SEY(θ)=1+α(1−cos.sup.β θ)

[0080] A good fit of SEY (θ) (secondary and backscattered electrons) is achieved with a constant value of α=9626.4 and β ranges from 2.82.Math.10.sup.−5 to 4.75.Math.10.sup.−5 for the primary energy range 200-900 eV.

[0081] The return loss of these coated Ku band samples, as well as the insertion loss, was measured at Tesat Spacecom by using a network analyzer equipment. S-parameter measurements were performed on each DUT (Device under test) before and after treatment.

[0082] A low value of insertion loss was measured, 0.14 dB.

[0083] Multipactor test were performed at the European High Power Laboratory in Valencia (Spain). Reference document: ECSS Space Engineering—T\TuHipact.ioll design and t.est RCSS-E-20-01A.

[0084] The filter sample was installed inside a vacuum chamber and one .sup.90Sr radioactive β-source and one UV lamp were employed simultaneously during the tests. A total of two electron probes were used during the test. It is worth mentioning that the detection systems as well as the radioactive source and the optical fiber (UV light) were positioned nearby the critical area of the filter sample.

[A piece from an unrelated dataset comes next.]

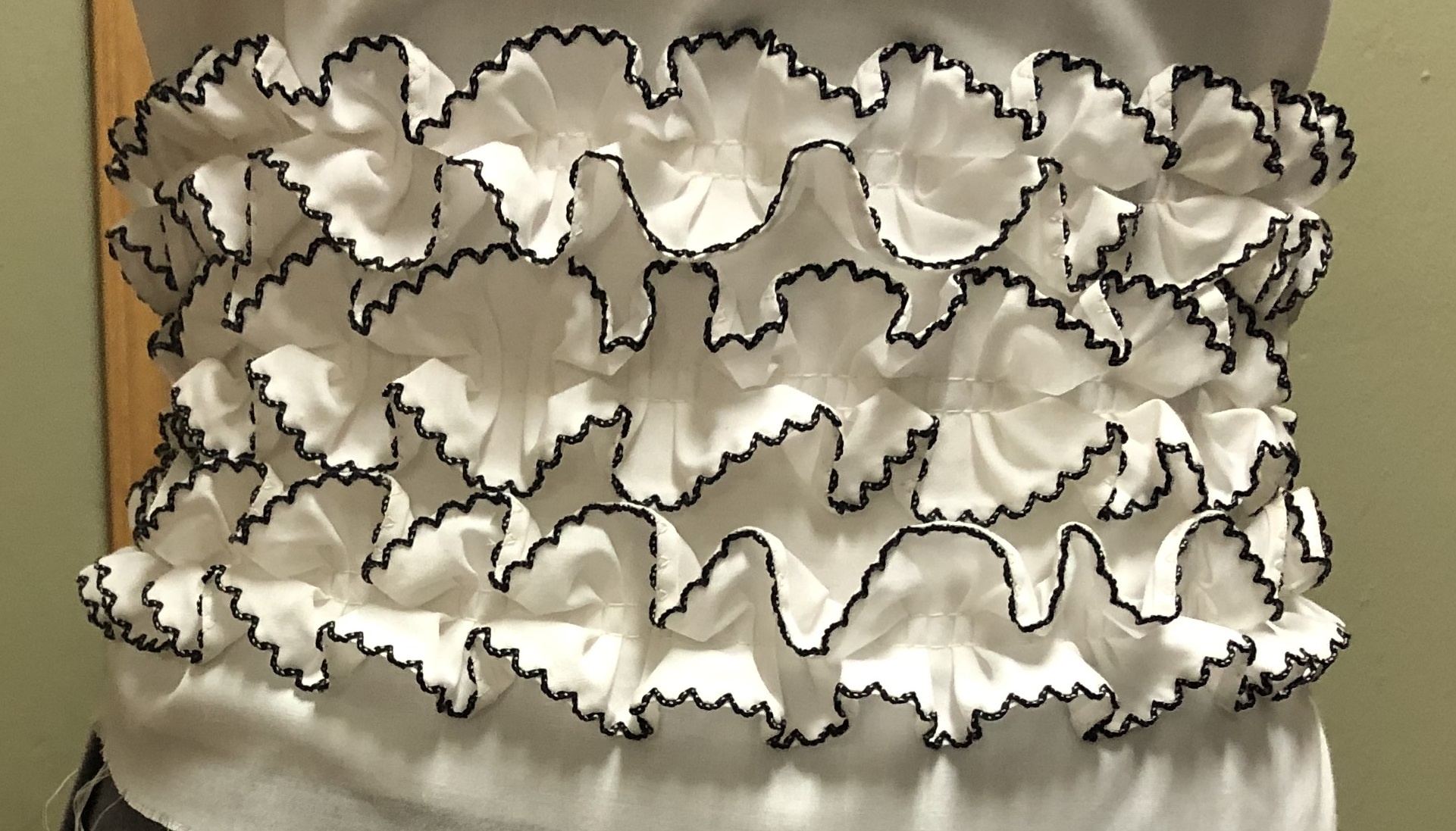 Ruffled front, no back or waist; Waist (max)-N/A; Waist (min)-N/A

[0085] The filter sample was kept under vacuum for around 60 h before starting the test. No discharges were observed up to at least 15000 W. Once the profile was completed, the RF power was increased progressively up to 15000 W. No discharge was observed. The maximum power attainable in this test-bed is 15000 W. The Multipactor test indicated that not discharge was produced, even at the maximum attainable power of the test bed (15 kW).